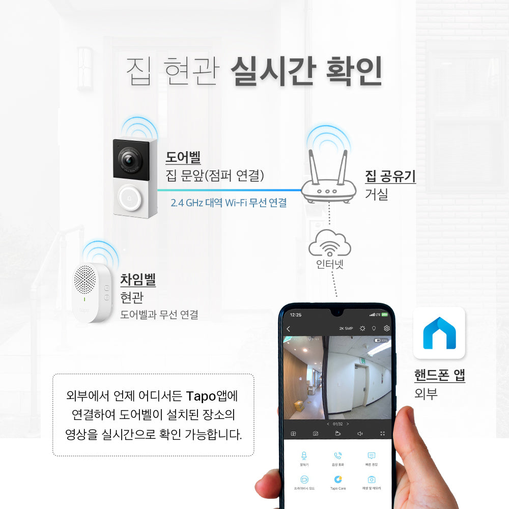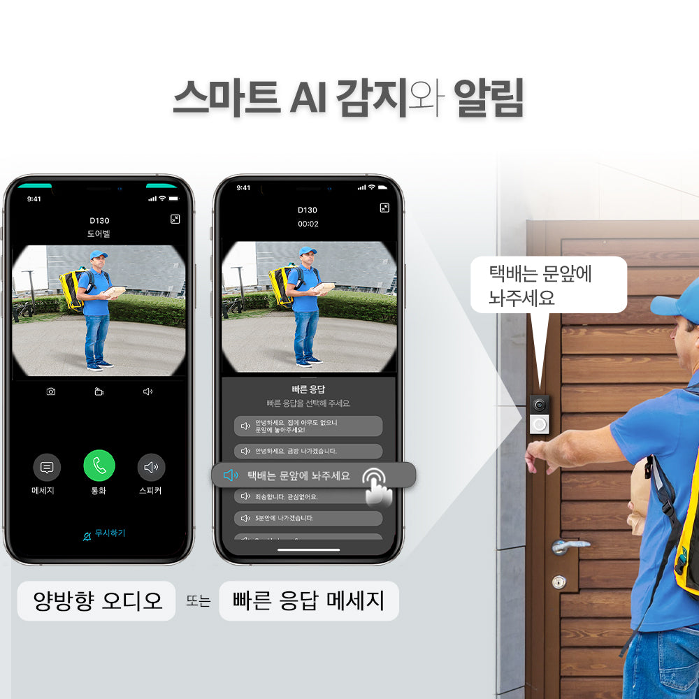 - 양방향 오디오: 내장 마이크와 스피커로 방문객과 원활하게 소통할 수 있습니다.
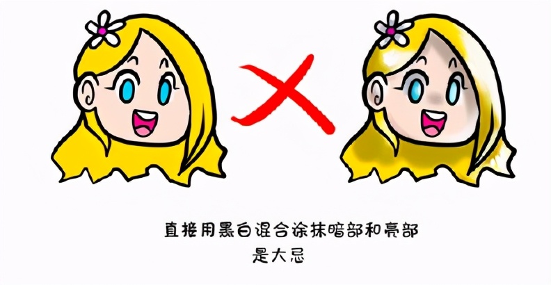 直接用黑白混合涂抹喑部和亳部是大忌
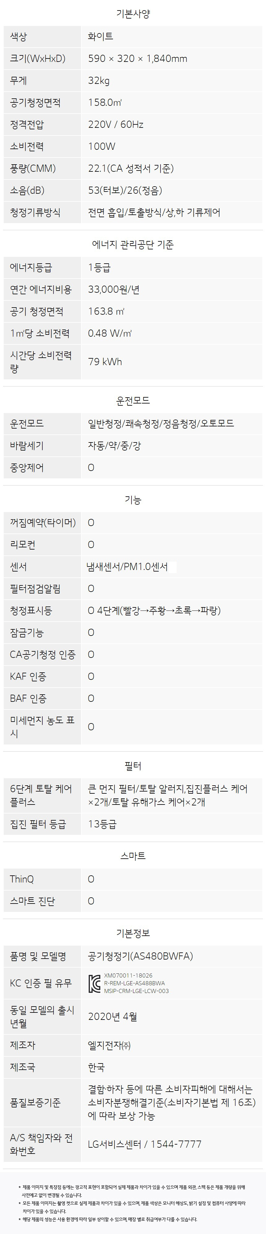 LG Ç»¸®Äɾî (48ÆòÇü) ´ëÇü°ø±âûÁ¤±â (AS480BWFR) 3³âÀǹ«
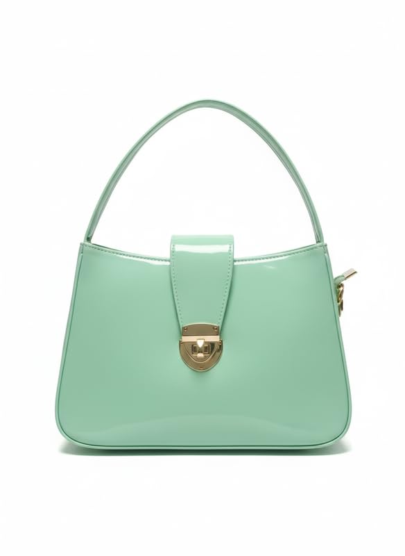 Generic - شنطه حريمى كروس كتف جلد لامع مع قفل دهبى - حجم وسط 25 سنتى متر فى 20 سنتى متر - منت جرين
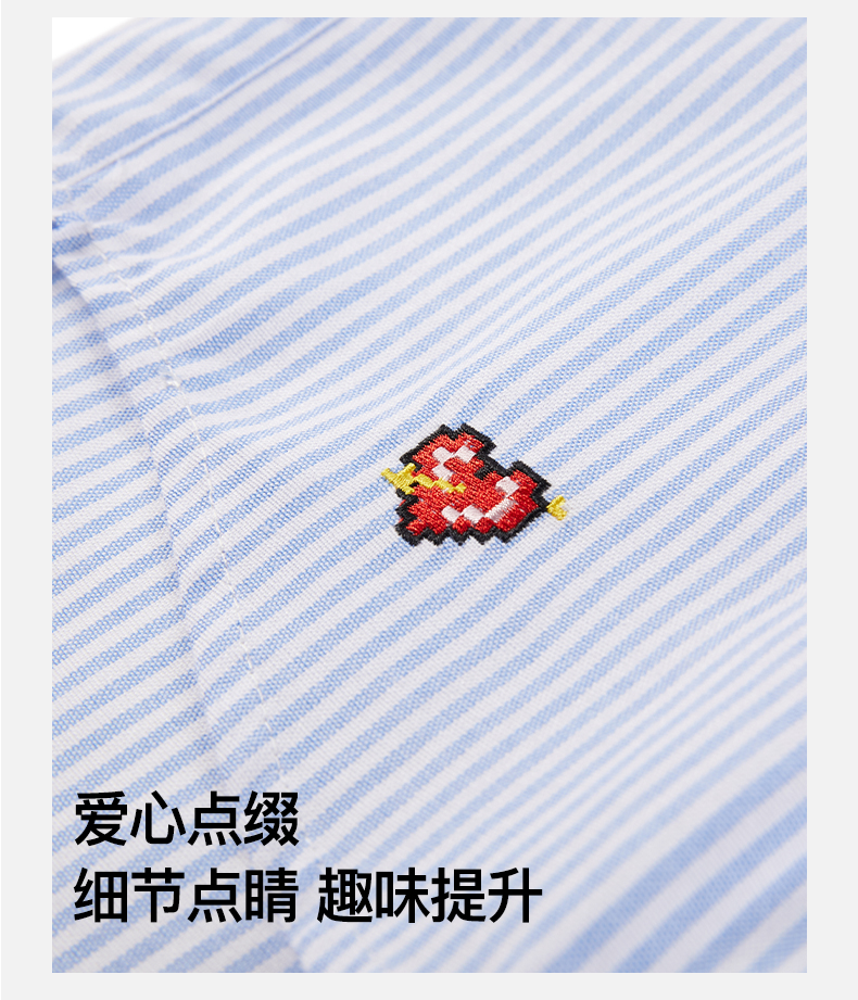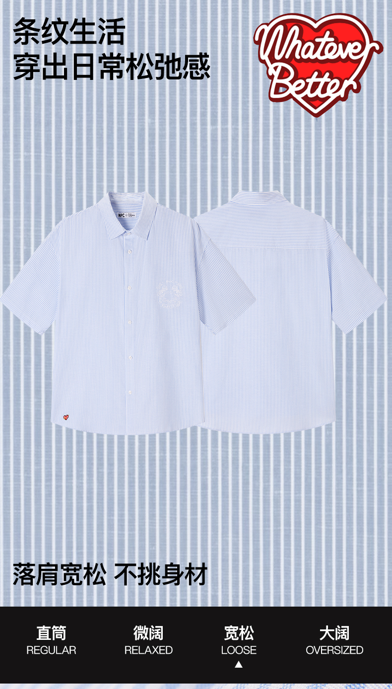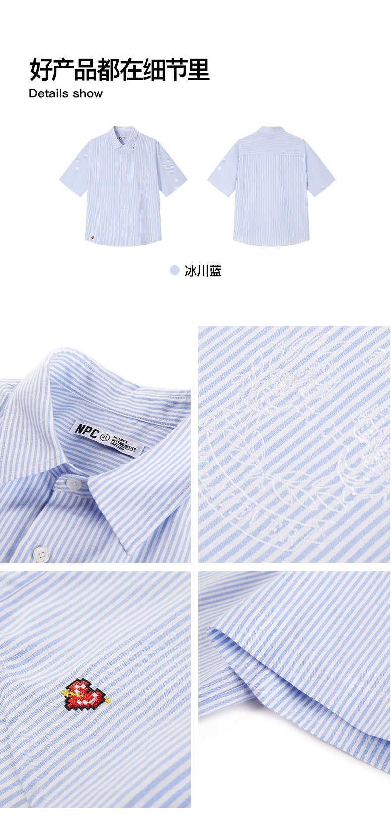 NPC潮牌刺绣天使爱心条纹短袖衬衫男翻领弧形下摆舒适NP54SH27
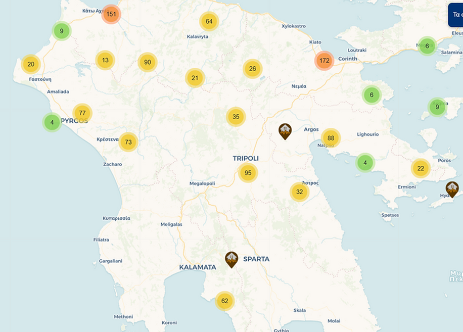 Παρότι καλύπτει όλη τη χώρα, η Μεσσηνία είναι ο μεγάλος απών. Πέραν του Δήμου Δυτικής Μάνης, που έχει εμφανίσει 63 ασφαλείς χώρους στα χωριά της, κανένας άλλος δήμος, ούτε αυτός της Καλαμάτας, δεν έχει φροντίσει να καταχωρίσει ασφαλείς χώρους συνάθροισης των πολιτών σε περίπτωση ανάγκης.
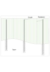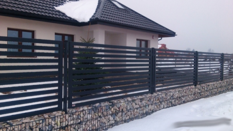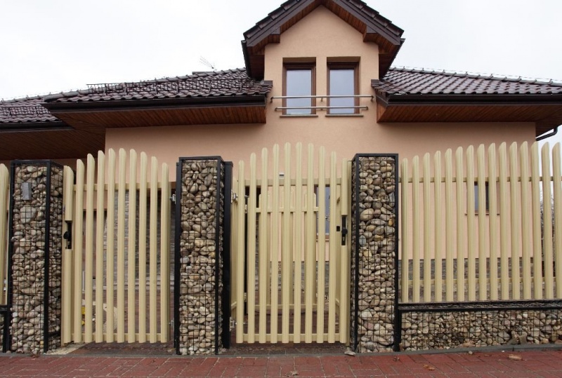 У меня уже есть столбы для забора, высота, я думаю, до 1,5 м. Круглого сечения, на них наварены пластины с отверстиями для крепления горизонтальных элементов. Шаг уточню, но делалось для деревянного забора.
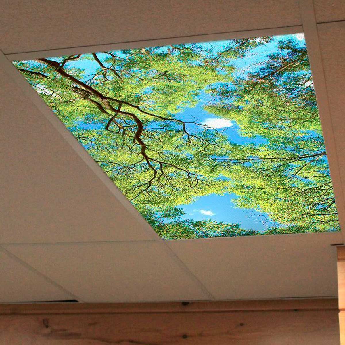Whether laying on your bed, relaxing on the couch or doing the dishes in the kitchen, a fluorescent light above you can be shifted from harsh to heavenly with this fluorescent light cover. It features the peaceful scene of a canopy of trees beneath a bright blue sky.
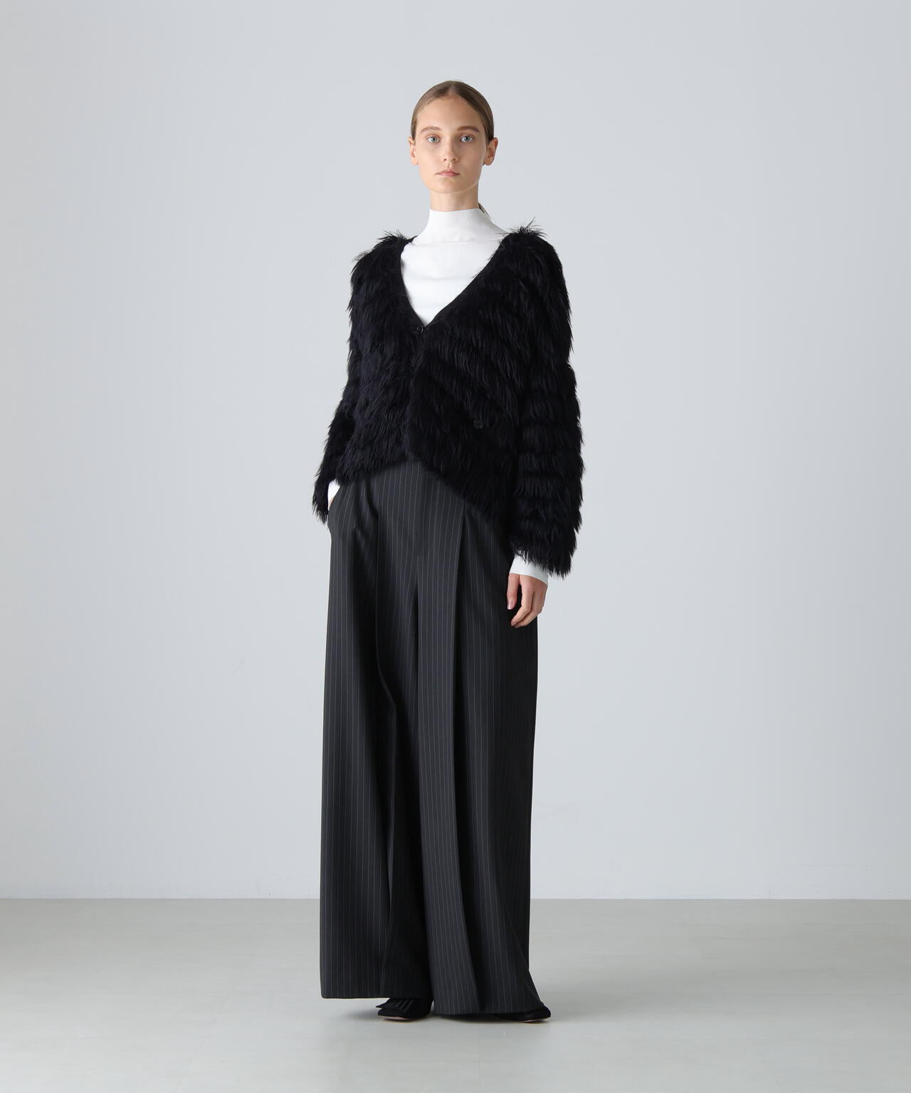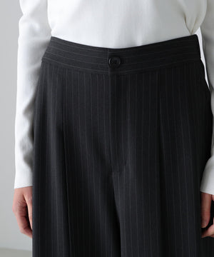 タックでしっかりとシルエットを出し、スッキリとしたストライプ素材で仕上げました。

■ ■ ■ ■

Assigned task: Pictures within the entries must not be reproduced; everything else is to be restated verbatim.

Exercise output:
 - 양방향 오디오: 내장 마이크와 스피커로 방문객과 원활하게 소통할 수 있습니다.
 直接用黑白混合涂抹喑部和亳部是大忌
 LG Ç»¸®Äɾî (48ÆòÇü) ´ëÇü°ø±âûÁ¤±â (AS480BWFR) 3³âÀǹ«
 Generic - شنطه حريمى كروس كتف جلد لامع مع قفل دهبى - حجم وسط 25 سنتى متر فى 20 سنتى متر - منت جرين
 NPC潮牌刺绣天使爱心条纹短袖衬衫男翻领弧形下摆舒适NP54SH27
 Παρότι καλύπτει όλη τη χώρα, η Μεσσηνία είναι ο μεγάλος απών. Πέραν του Δήμου Δυτικής Μάνης, που έχει εμφανίσει 63 ασφαλείς χώρους στα χωριά της, κανένας άλλος δήμος, ούτε αυτός της Καλαμάτας, δεν έχει φροντίσει να καταχωρίσει ασφαλείς χώρους συνάθροισης των πολιτών σε περίπτωση ανάγκης.
 У меня уже есть столбы для забора, высота, я думаю, до 1,5 м. Круглого сечения, на них наварены пластины с отверстиями для крепления горизонтальных элементов. Шаг уточню, но делалось для деревянного забора.
Whether laying on your bed, relaxing on the couch or doing the dishes in the kitchen, a fluorescent light above you can be shifted from harsh to heavenly with this fluorescent light cover. It features the peaceful scene of a canopy of trees beneath a bright blue sky.
 タックでしっかりとシルエットを出し、スッキリとしたストライプ素材で仕上げました。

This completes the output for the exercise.